We conclude that there is no need to vacate the stay or mandate any action by
Notes
. The original party to the Agreement was Belize Telecommunications Limited. On May 29, 2007, pursuant to the Belize Telecommunications Undertaking (Belize Telecommunications Limited Operators) Vesting Act of 2007, the businesses of Belize Telecommunications Limited were transferred to Belize Telemedia Limited.
. Belize and Telemedia subsequently adopted three amendments to the Agreement on November 21, 2005, December 15, 2006, and January 7, 2008. The "Agreement” referenced in this opinion includes these amendments.
. The fact that Belize is not a party to the New York Convention is irrelevant. If the place of the award is "in the territory of a party to the Convention, all other Convention states are required to recognize and enforce the award, regardless of the citizenship or domicile of the parties to the arbitration.” Creighton Ltd. v. Gov’t of the State of Qatar,
. The possibility of "multiple judicial proceedings on the same legal issues” affords the district court no other justification for the stay, for these "are characteristic of the confirmation and enforcement of international arbitral awards under the Convention.” Karaha Bodas,
Dissenting Opinion
dissenting:
I respectfully dissent. This case arises out of a messy commercial dispute between a Belize company and the Government of Belize. A London arbitration panel ruled in favor of the Belize company.
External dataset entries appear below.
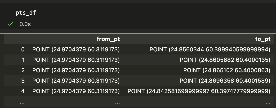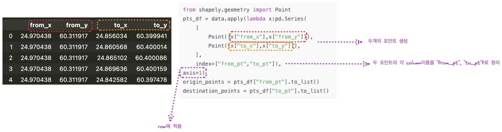 2개의 row로 된 데이터 프레임인 pts_df를 만듭니다. 이를 위해 data라는 데이터 프레임의 각 row(index=1)에 어떤 기능을 apply합니다. 이 기능은 두 개의 포인트를 만들며 첫 번째 포인트는 data의 column 중 "from_x"와 "from_y"를 참조하고 두 번째 포인트는 "to_x"와 "to_y"를 참조합니다. 이렇게 생긴 두 포인트의 column을 "from_pt", "to_pt"라고 정의합니다.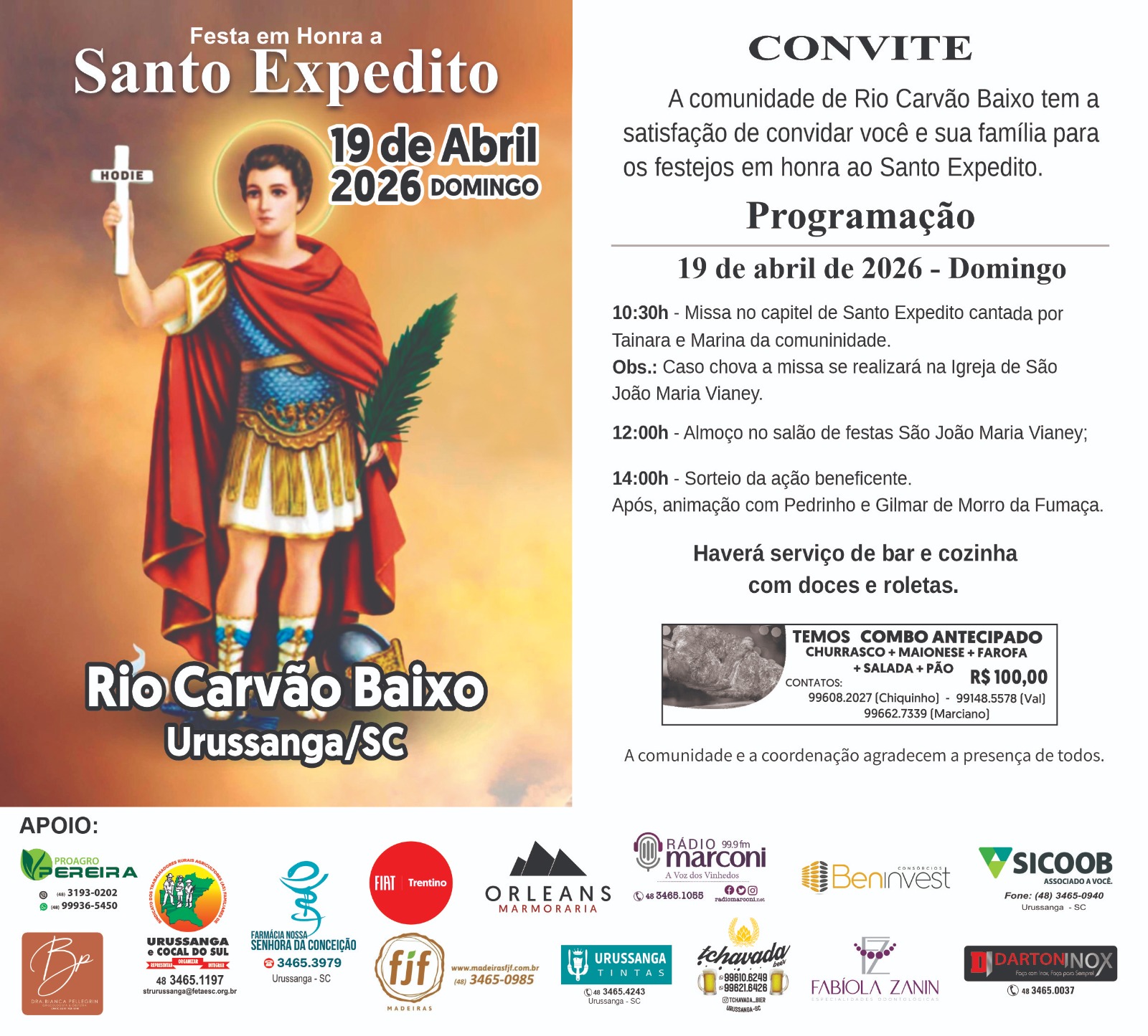A Festa em Honra a Santo Expedito será celebrada na comunidade de Rio Carvão Baixo, em Urussanga, neste final de semana. As celebrações ocorrem no domingo, dia 19, com missa, almoço festivo e sorteio da ação beneficente. De acordo com o coordenador do Conselho de Assuntos Econômicos Paroquial (Caep), Sidnei Casagrande, o Chiquinho, a festa vem sendo preparada há meses. “A gente sabe que tem muito devoto, a gente tem certeza que vai ser uma festa grande, então a gente tem que se preparar”, disse. A festa começa a partir das 10h30, com a celebração da santa missa no Capitel de Santo Expedito. Caso chova, a missa vai acontecer na igreja de São João Maria Vianey. Logo após, às 12 horas, será realizado o almoço no salão de festas.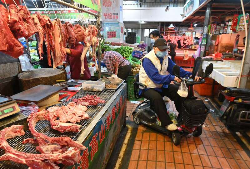 ↑ 2022年11月28日,福建省福州市福瑞社区福机新苑周边的农贸市场进行多坡化改造后,行动不便的老人可以坐着助力车到菜市场买菜。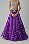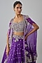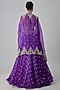 Featuring a purple cape in organza base with hand embroidery. It is paired with a blouse and skirt. Accentuate it with kundan jewellery and block heels for wedding ceremony or festive occasions.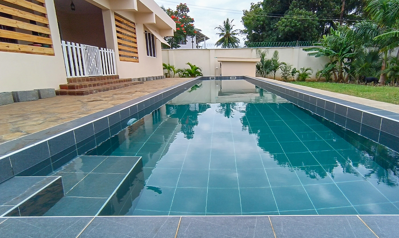 This luxury Diani villa is built for both elegance and efficiency, featuring 3 en-suite bedrooms, an open-plan lounge and kitchen, and a private 15m lap pool with AI robotic cleaning technology. The home integrates eco-smart systems including a rainwater harvesting setup from a 250sqm flat roof, a 70,000L underground water tank with D&S pump, and 4-layer Italian Mapei waterproofing with thermal insulation for cooler interiors. Every detail, from high-end finishes to sustainable construction, is designed to provide a secure, durable, and luxurious coastal lifestyle.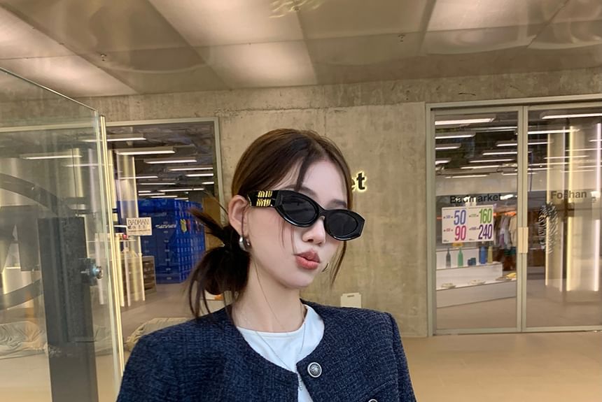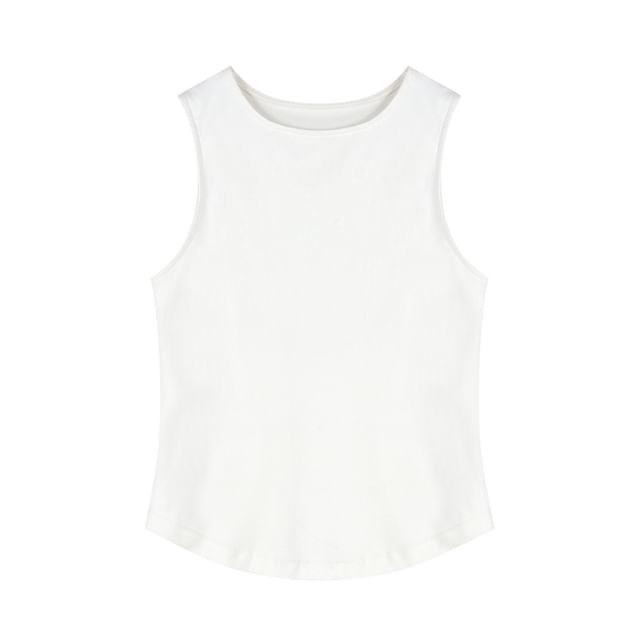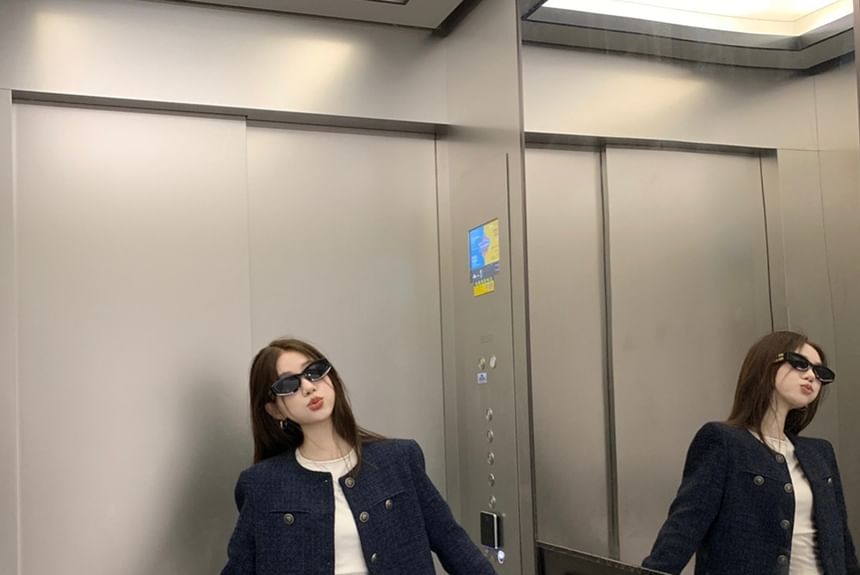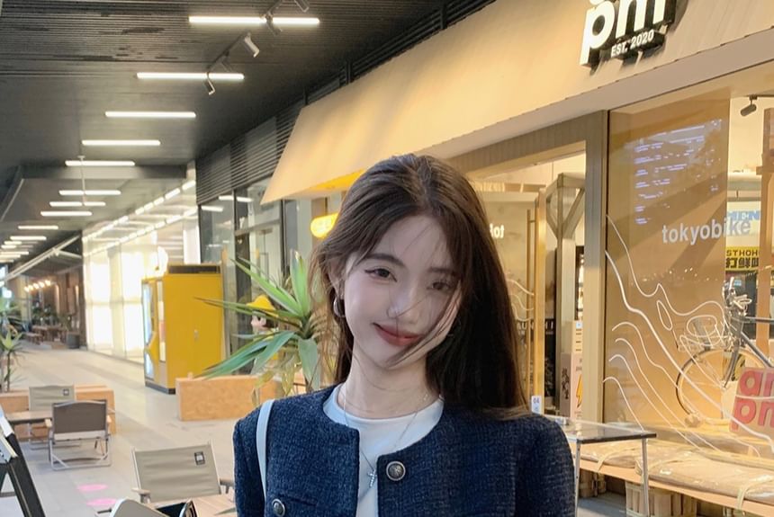 Round Neck Button-Up Tweed Crop Jacket / Plain Tank Top / Mid Rise Washed Wide Leg Jeans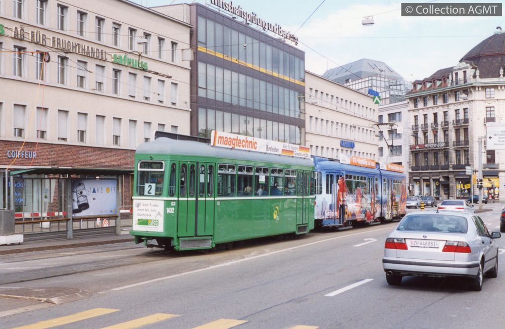 Un convoi BVB de la ligne 2, comportant la remorque 1432 menée par une automotrice en livrée publicitaire, circule à la Centralbahnstrasse [document graphique à deux dimensions] / Jeremy Wiseman (1933-2022), Photographe . - [S.l.] : Kodak, 2001 . - 1 photographie : couleur ; 9 x 14 cm. Langues : Français ( fre) |  |

The company then sued in U.S. District Court to enforce the arbitration award. Because of ongoing judicial proceedings in Belize related to this matter, the Government of Belize asked for a temporary stay, which was uncontested by the company. The District Court then entered a temporary stay — understandably, since the stay is only temporary and the company did not oppose it.
The company has now appealed and, in the alternative, sought mandamus to overturn the temporary stay. But we do not have appellate jurisdiction. As the majority opinion appears to acknowledge, there is no final order because the company was not placed “effectively out of court,” nor does this case fit within the narrow confines of the collateral order doctrine. See Moses H. Cone Mem’l Hosp. v. Mercury Constr. Corp.,
Although the majority opinion does not assert that we have appellate jurisdiction under the principles governing appeals of final or collateral orders, it invokes mandamus jurisdiction. But mandamus is an “extraordinary” remedy reserved for correcting egregious missteps by a district court, not for upending temporary stay orders — and particularly not temporary stay orders like the one here, which was issued in response to an uncontested temporary stay motion. See Cheney v. U.S. Dist. Court,
Even if we think the District Court erred under the Federal Arbitration Act by entering a temporary stay, its error was hardly “extraordinary.” Mandamus for this case is akin to using a chainsaw to carve your holiday turkey. Indeed, if you ask me which is the more extraordinary— the District Court’s temporary stay or this Court’s invocation of mandamus jurisdiction under these circumstances — I would say the latter.
I would dismiss the appeal for lack of appellate jurisdiction and deny the petition for a writ of mandamus. I respectfully dissent.